My guess is that public opinion will have swung so far on Klefbom and the Oilers in general next year that he’s basically free in drafts. He’ll be a gamble worth taking.

 

William Nylander – ADP: 86

There may not be a bigger lightning rod in hockey, outside of the pests/face-punchers. After missing the first two months of the season because of lengthy contract negotiations, Nylander had seven goals and 27 points in 54 games. He played over a minute less per game than last year and was basically fantasy irrelevant until the final few weeks of the season when he had 10 points in 13 matches.

This was a guy who cracked 20 goals and 60 points in each of the prior two seasons and his production, even on a per-game rate, fell off the map. I have no problem with the notion that part of his struggles were due to missing so much time, but what else was at work?

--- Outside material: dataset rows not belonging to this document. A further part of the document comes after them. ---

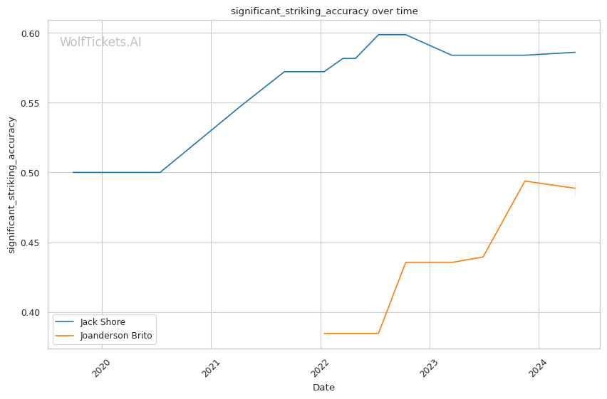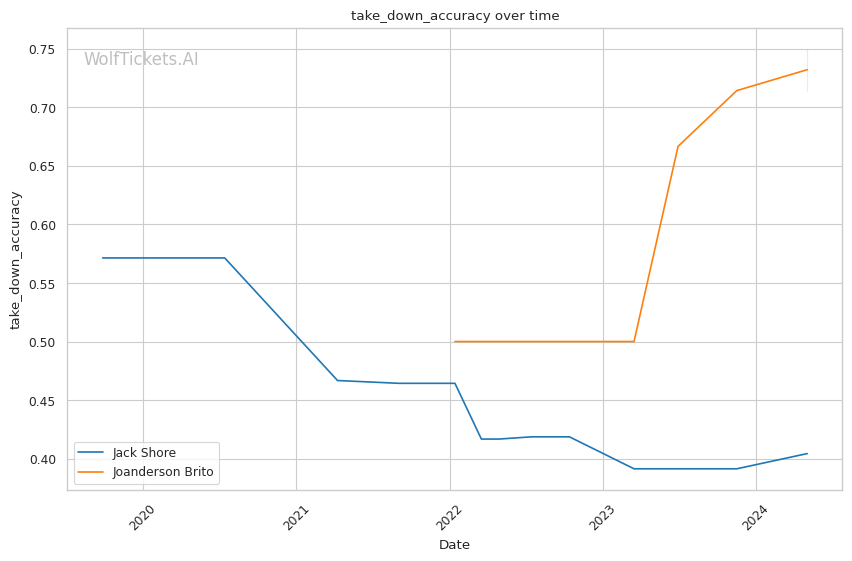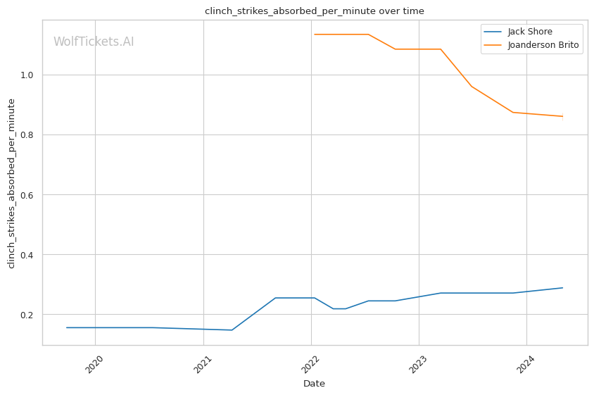 Striking Defense Percentage: Shore absorbs less significant strikes, with a 50% defense percentage compared to just 30% for Brito. Shore is better at avoiding damage.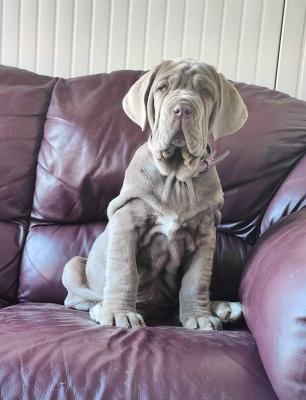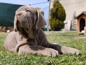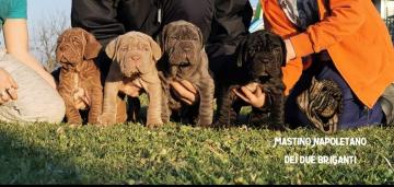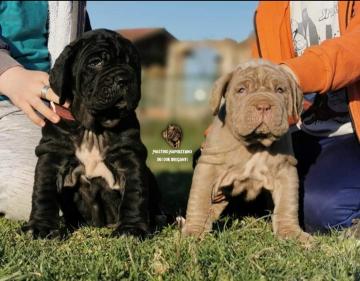Mastino Napoletano cucciolo nero nato il 17/05/23 e cuccioli grigi nati il 04/06/23, da allevamento con affisso Enci ventennale, vengono consegnati dai 65 giorni con microchip, vaccinazioni, pedigree Enci, socializzati con bambini, cani e gatti. I cuccioli sono nati da parto naturale e sono cresciuti con allattamento naturale in casa con la loro mamma e con la nostra famiglia. Linea di sangue femminile visibile fino alla trisnonna, padri di nostra proprietà. Gradite visite su appuntamento. Ci troviamo ad un'ora da Torino, Milano e Genova.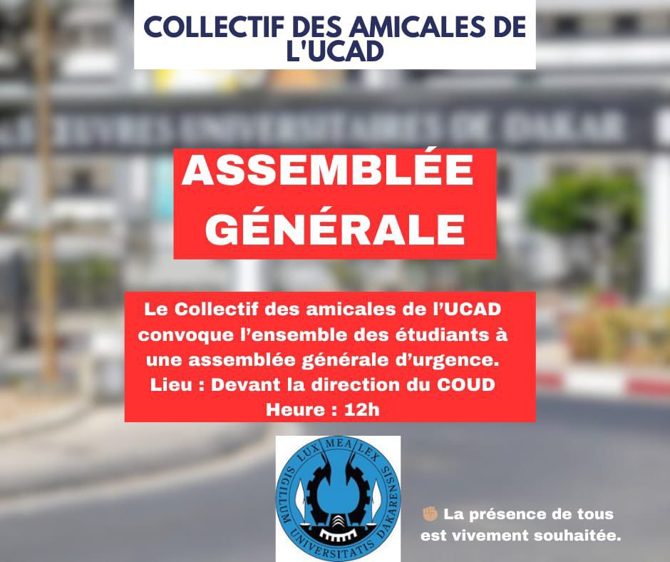 La tension remonte d’un cran à l’Université Cheikh Anta Diop de Dakar (UCAD). Ce vendredi 6 février 2026, le Collectif des Amicales a convoqué une Assemblée Générale d’urgence devant la direction du COUD à 12h, pour dénoncer ce qu’il qualifie de mesures « brutales » sur le paiement des bourses.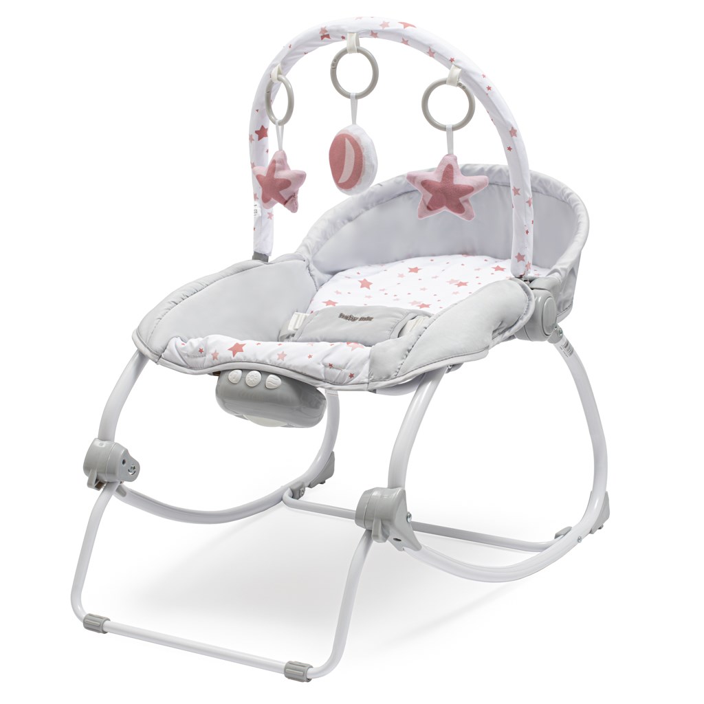 Dětské multifunkční lehátko Baby Mix poslouží vašemu dítěti od narození až do dosažení hmotnosti 18 kg. Pro úplně malá miminka jej lze použít jako houpací lehátko s melodií, světlem a vibrací. Jakmile vaše dítě vyroste, můžete toto lehátko změnit na křesílko. Lze jej aretovat i do pevné polohy vhodné na příklad ke krmení. Je vybaveno odnímatelnou hrazdou se třemi hračkami, nastavitelnou opěrkou zad a vibračním a zvukovým a světelným modulem, který zpříjemní chvíle vašemu dítěti.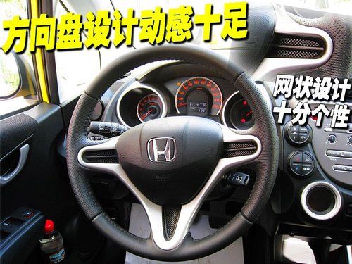 新飛度采用運(yùn)動(dòng)風(fēng)格突出的三幅運(yùn)動(dòng)方向盤,真皮包裹抓握時(shí)手感很好。喇叭按鍵比較靠近方向盤四周,駕駛者在按喇叭的時(shí)候無需要大幅移動(dòng)就能完成這個(gè)動(dòng)作。但遺憾的是新飛度的全系車型沒有采用時(shí)下流行的多功能方向盤。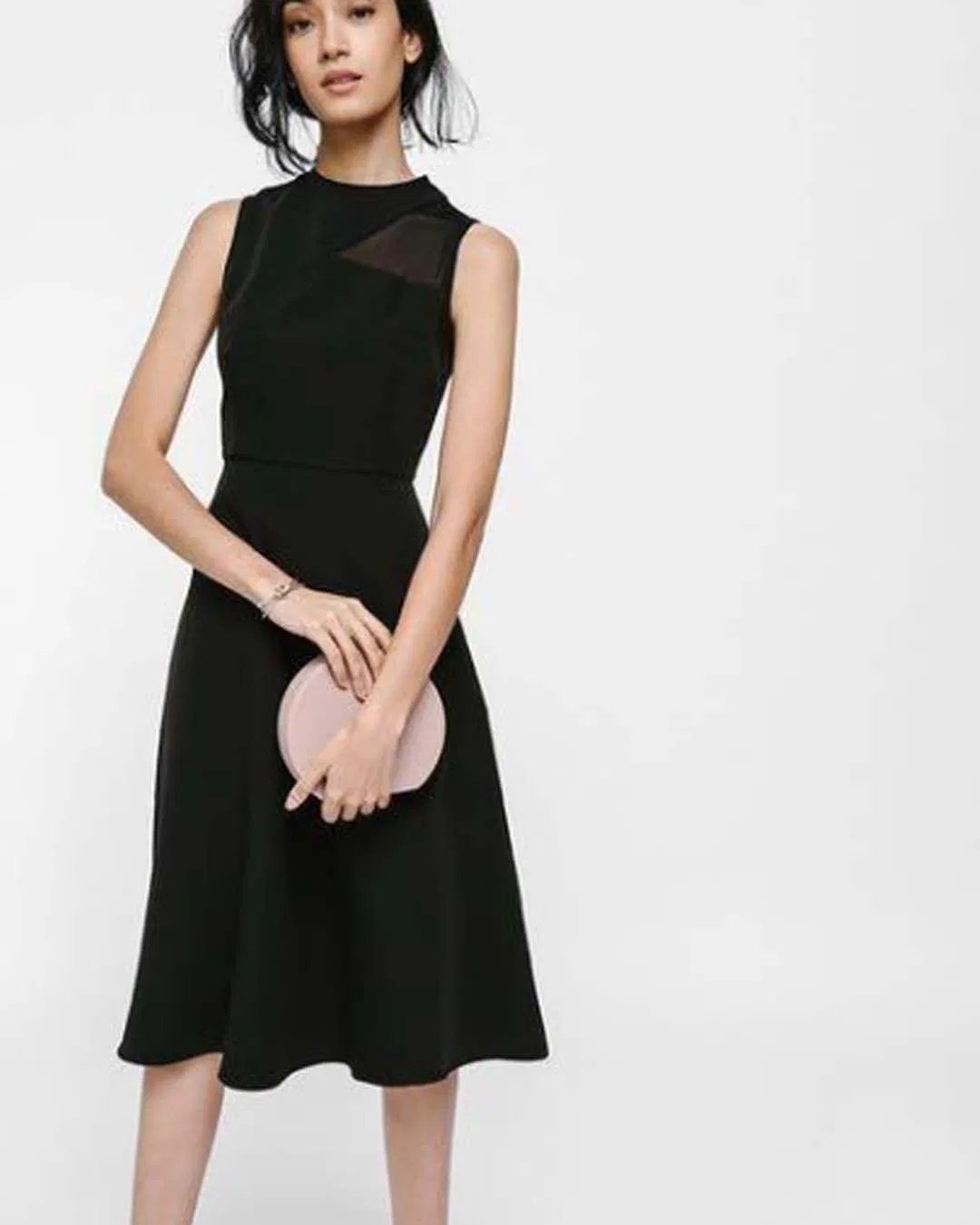 mesh detail A-line midi dress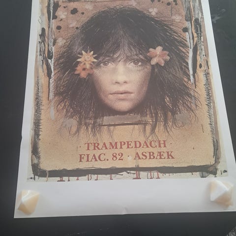 Trampedach New York 74 plakat med motiv i varme røde og brune nuancer. Plakaten viser en figur øverst og et ansigt nederst i kompositionen. Nederst på plakaten står teksten "Trampedach New York 74". Plakaten er indrammet i en enkel, mørk træramme med glas. Velegnet til ophængning i stue, kontor eller andre opholdsrum som vægdekoration.mål ca 1mx1.20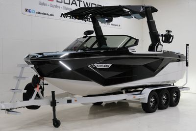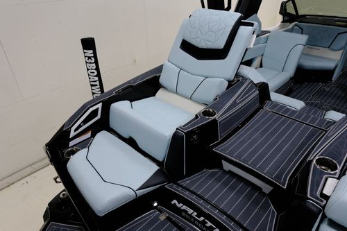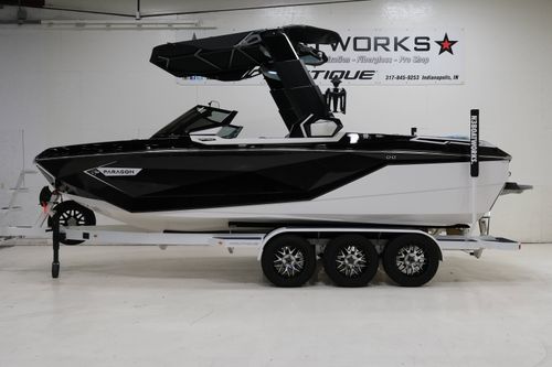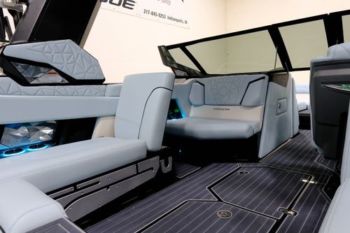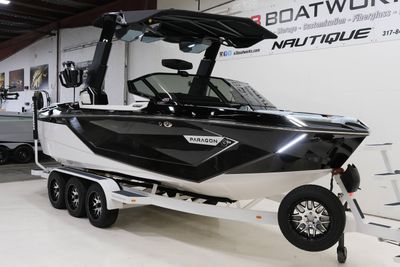 This 2022 Nautique G23 Paragon is a recent trade in and now available with just 185 hours on the ZZ8 600HP 6.2L Engine! This boat was originally custom ordered through our dealership and has been stored and maintained here since new. Upon arrival it received a full detail and service including fresh fluids, filters, and impeller to get it ready for next season. The exterior also received a polish and IGL Ceramic Coating touch up leaving the beautiful Jet Black gel coat with a glossy finish that will be easy to maintain. It includes factory warranty coverage through March of 2028 for added peace of mind!

The shooting percentage drop is an obvious one. At all strengths, he shot 11.1 percent over his first 185 games and shot 5.4 percent in 54 contests through the 2018-19 season. He shot an even five percent at even strength, which was 298th out of 309 forwards with at least 700 minutes played. Expecting him to post anything similar to those numbers again is just flat-out wrong.

From Evolving Hockey, this is how Nylander compared with his teammate this year in driving expected goals and shot attempts at five-on-five:

 

 

That’s one chart. Whether I go to Hockey Viz, sites with zone entry/exit data, or anywhere else, the basic story is the same: Nylander did a great job driving offensive opportunities, but he (and the team) fared poorly at converting those opportunities into goals.

I also want to clarify I'm not saying Nylander is the better player or anything of the sort. These are a few ratings from one season, not an indictment of one or the other. 

Percentages win fantasy hockey leagues. That’s just a fact. William Karlsson and Leon Draisaitl each shooting over 20 percent in one of the last two seasons helped win fantasy owners their leagues. As did goalies like Ben Bishop and Robin Lehner with great save percentages this year. The thing is that percentages are very hard to predict. The best we can do is target players who put themselves in situations to succeed, and then hope they actually succeed.

This fits Nylander to a tee. He’s a guy who drove play pretty well, even when factoring in time missed, but the percentages weren’t on his side. It happens every year, and yet every year, people are surprised when players rebound. If Nylander were 33 years old, that would be one thing. But he just turned 23 earlier this month, is likely to line up with Auston Matthews at five-on-five, and has a chance at top PP minutes, depending on Babcock’s whims. With his disappointing season, his contract negotiation issues, and the Leafs again not advancing past the first round, there is (and will continue to be) a lot of negative coverage of Nylander this summer. The pendulum has swung (and will continue to swing) too far in the other direction and that will make a great buying opportunity for savvy fantasy owners.